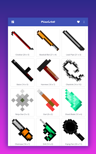 How to draw pixel game weapons is on the top of the list of Art & Design category apps on Google Playstore. It has got really good rating points and reviews. Currently, How to draw pixel game weapons for Windows has got over 10,000+ App installations and 0 star average user aggregate rating points.
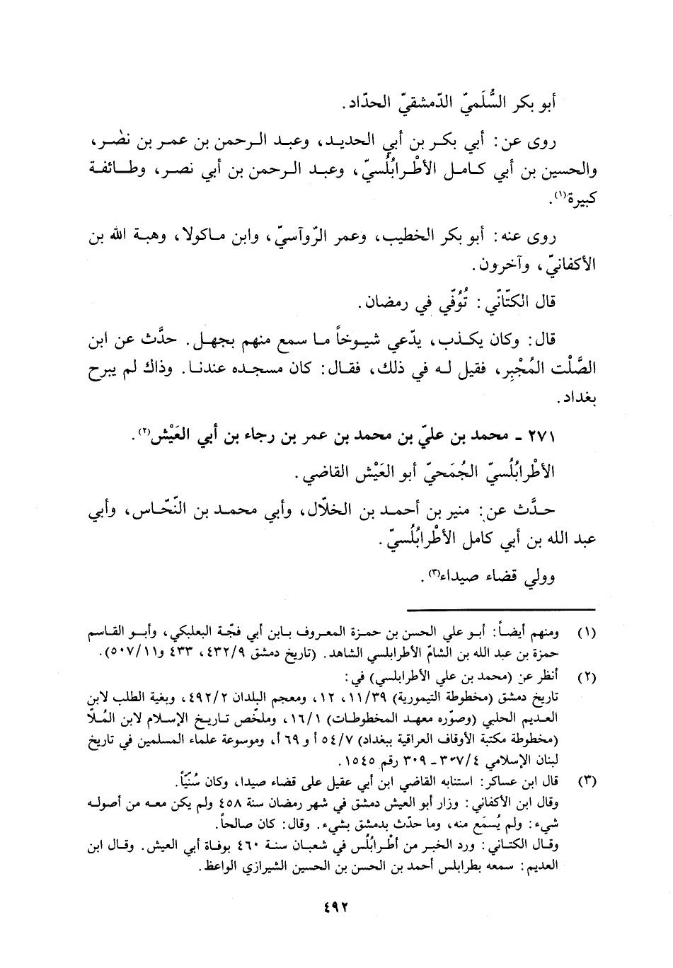 [1] ومنهم أيضا: أبو علي الحسن بن حمزة المعروف بابن أبي فجّة البعلبكي، وأبو القاسم حمزة بن عبد الله بن الشامّ الأطرابلسي الشاهد. (تاريخ دمشق 9/ 432، 433 و 11/ 507) .
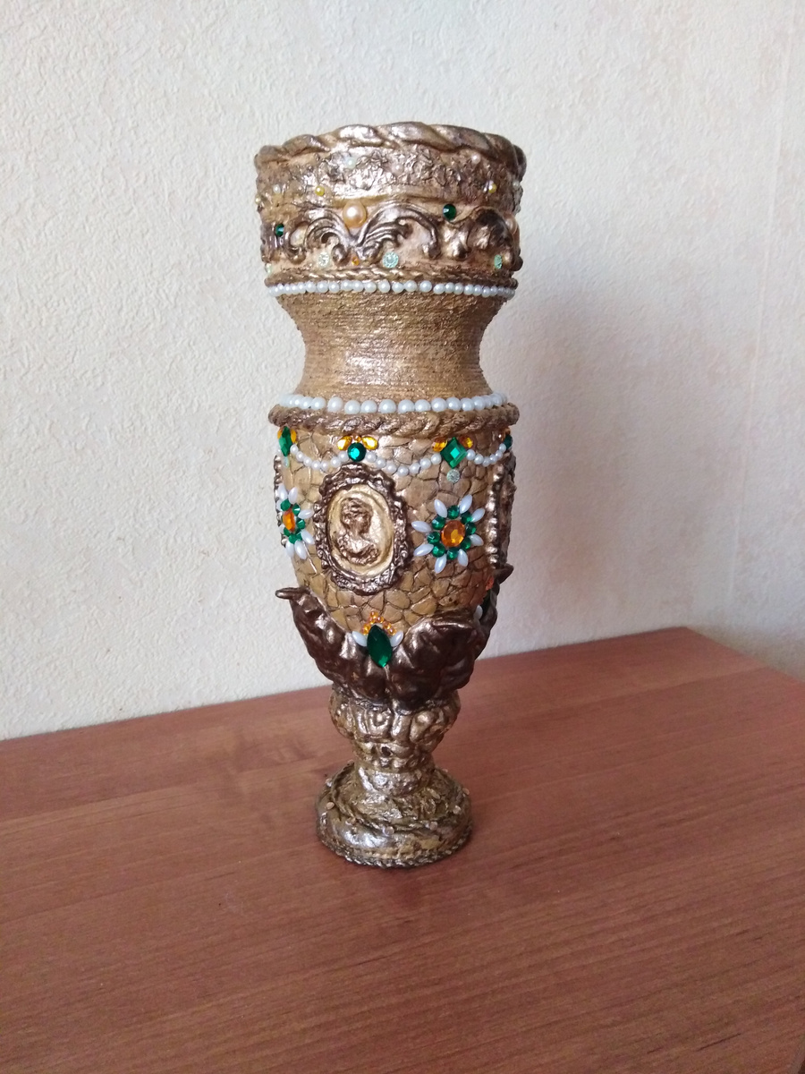 Материалы: пластиковая бутылка, джутовый шнур, сухой горох, стразы, салфетки, солёное тесто, металлическая крышка от стеклянной бутылки, картонная втулка, акриловые краски, акриловый лак, клей ПВА, полимерный клей.
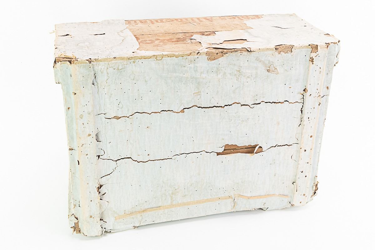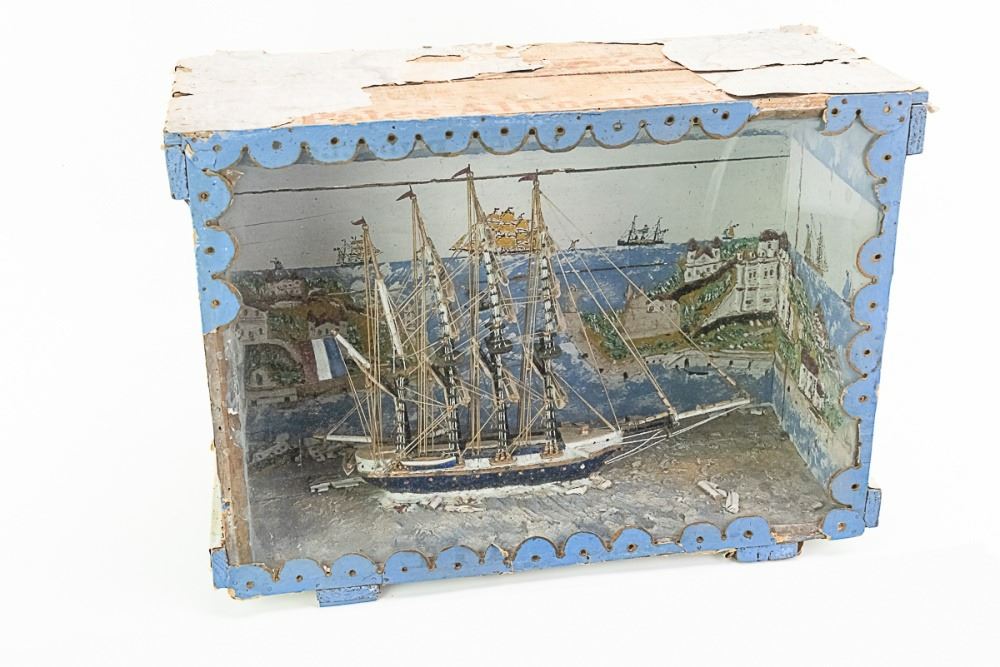 A full-rigged French ship in a wooden and glass display case. The plaster waves have broken loose in places. The ships rigging and sails are in great shape, with flags flying. There is some paper and wood loss on the case. The case is made from a wooden shipping box.
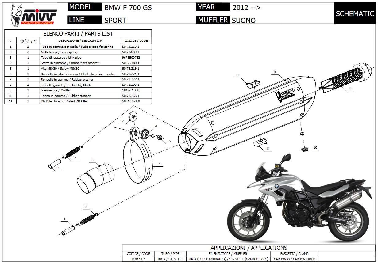 Mivv Suono RVS Black Slip-on Einddemper met E-keur BMW F 700 GS 2012 > 2017
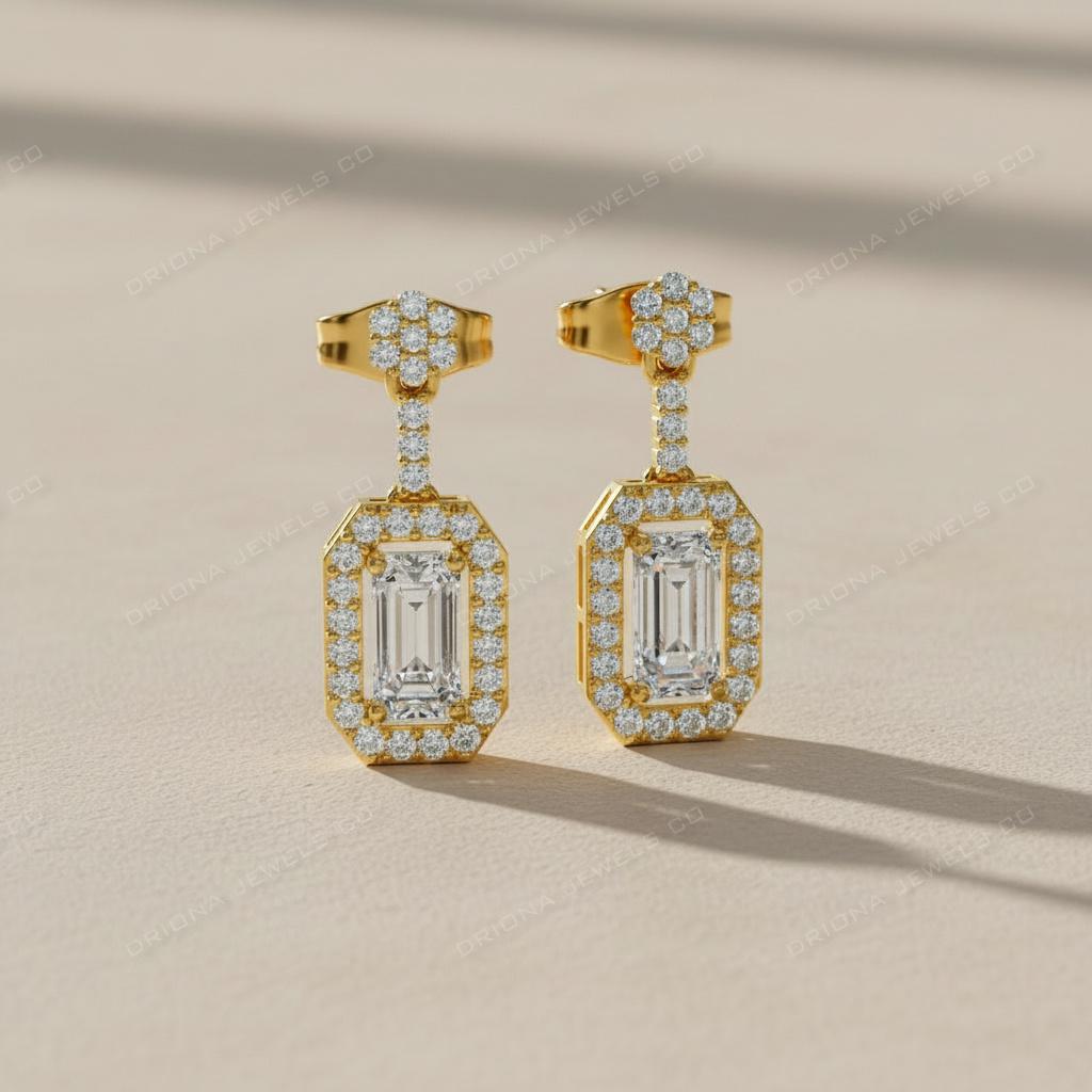 These elegant halo drop earrings feature a striking emerald-cut center stone framed by a diamond halo and suspended from a floral diamond stud top. The elongated rectangular silhouette adds graceful movement, making these earrings ideal for formal wear, bridal looks, and statement occasions.
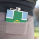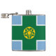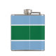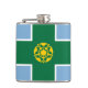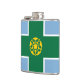 Vinyl umhüllte Flasche mit Design mit einer Fahne des historischen Landkreises von Derbyshire, in England, Großbritannien; blaue Fahne mit einem grünen Kreuz und eine goldene Tudor-Rose in der Mitte
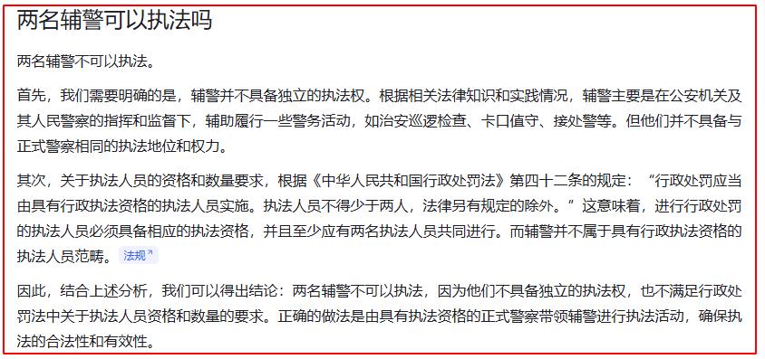 衆所周知,輔警不是正式的執法人員,也不具備執法權,所以爲了確保執法的合法性,輔警出警時必須要有正式警察在場。
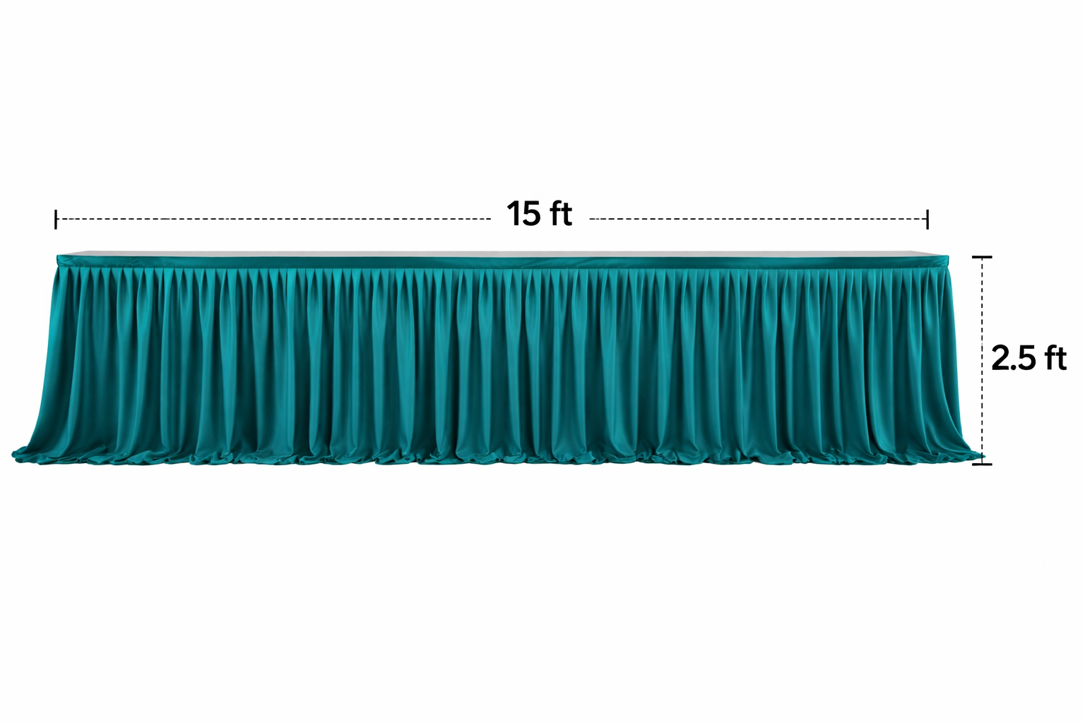 This 15ft long and 2.5ft height front velvet sider is specially stitched for professional event decoration use. The fabric gives a rich, soft mink velvet feel with heavy fall and elegant pleats.
◆ ◆ ◆ ◆ ◆ ◆ ◆
**TO DO**
Starting at the line containing "A full-rigged French" and stopping at the line containing "Vinyl umhüllte Flasche", output every line above exactly, both ends included, with pictures omitted.

**ANSWER AREA**
 A full-rigged French ship in a wooden and glass display case. The plaster waves have broken loose in places. The ships rigging and sails are in great shape, with flags flying. There is some paper and wood loss on the case. The case is made from a wooden shipping box.
 Mivv Suono RVS Black Slip-on Einddemper met E-keur BMW F 700 GS 2012 > 2017
 These elegant halo drop earrings feature a striking emerald-cut center stone framed by a diamond halo and suspended from a floral diamond stud top. The elongated rectangular silhouette adds graceful movement, making these earrings ideal for formal wear, bridal looks, and statement occasions.
 Vinyl umhüllte Flasche mit Design mit einer Fahne des historischen Landkreises von Derbyshire, in England, Großbritannien; blaue Fahne mit einem grünen Kreuz und eine goldene Tudor-Rose in der Mitte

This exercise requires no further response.